Paul was lying on the damask divan across the room. He pushed his guitar aside and said: “you two are very close in age,” so I asked Fran how old he was. He replied with a soft masculine voice, without looking at me, without taking his eyes off the strings of the instrument. “I am 25”. “I am 24,” I said.
I sat on the carpet next to the couch for a moment. I would have liked to stay there with them. Listen to the father and son play guitar together. An intimate musical dialogue.

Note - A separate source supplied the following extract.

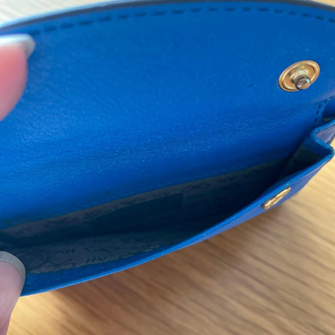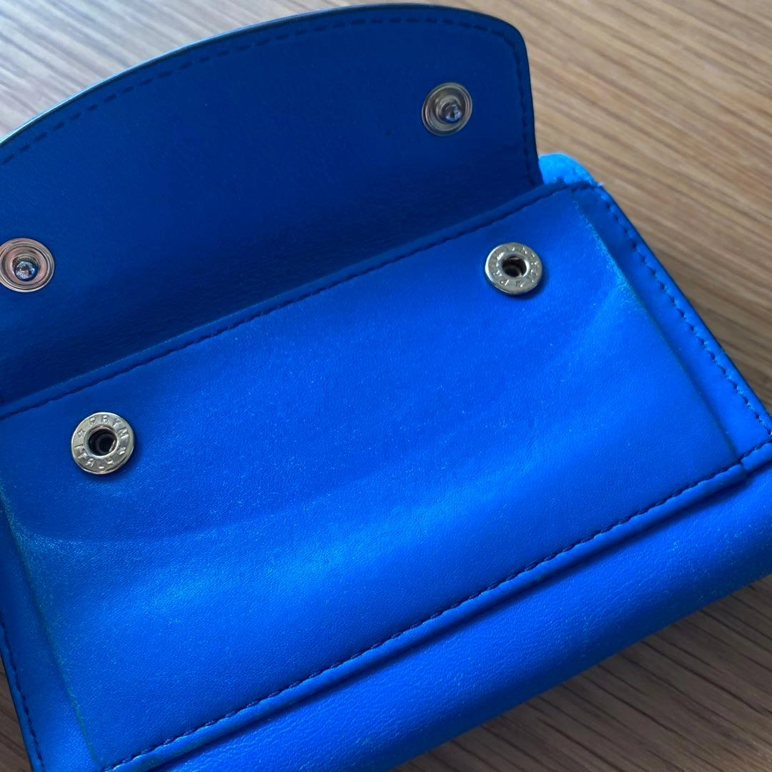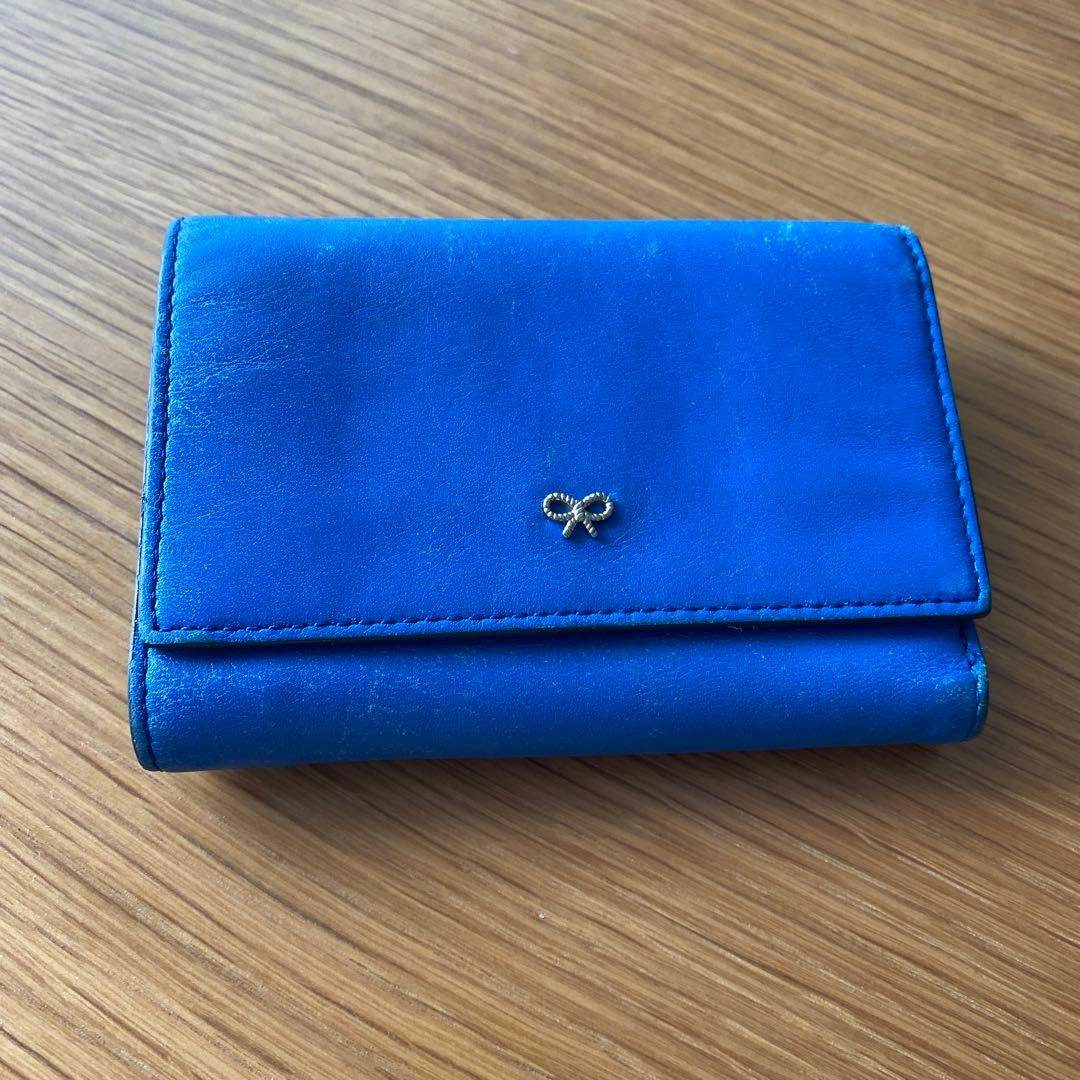 カラー···ブルー 素材···本革 折り畳んだ状態で約12×8.5×2cmになります。 2-3年くらい使用。 全体的に細かいスレ、キズ等使用感ありです。 #アニヤ #三つ折り ご希望の方はお気軽にご連絡ください。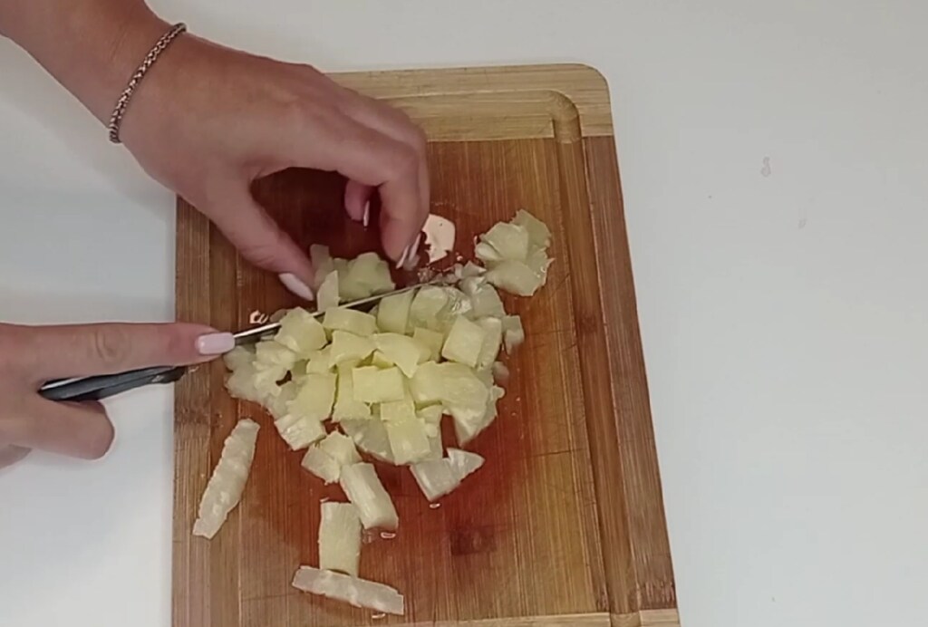 Snijd de ananas in blokjes en laat er een paar apart voor de garnering

But I left. I felt like an intruder.
And as I left, I heard a voice rise and carry a soulful tune.
I woke up later that night and went to the kitchen to get some water. There was a dim changing glow in the hallway to the living room, where Fran was staying. He was watching TV. I could hear the indistinct murmur. I filled my glass with water and listened for a while. Should I go with him? I tried to think of a way to engage a genuine conversation, but could this conversation ever be genuine? Colorful fantasies uprose in mind.
When I came out of the kitchen, the living room was pitch dark.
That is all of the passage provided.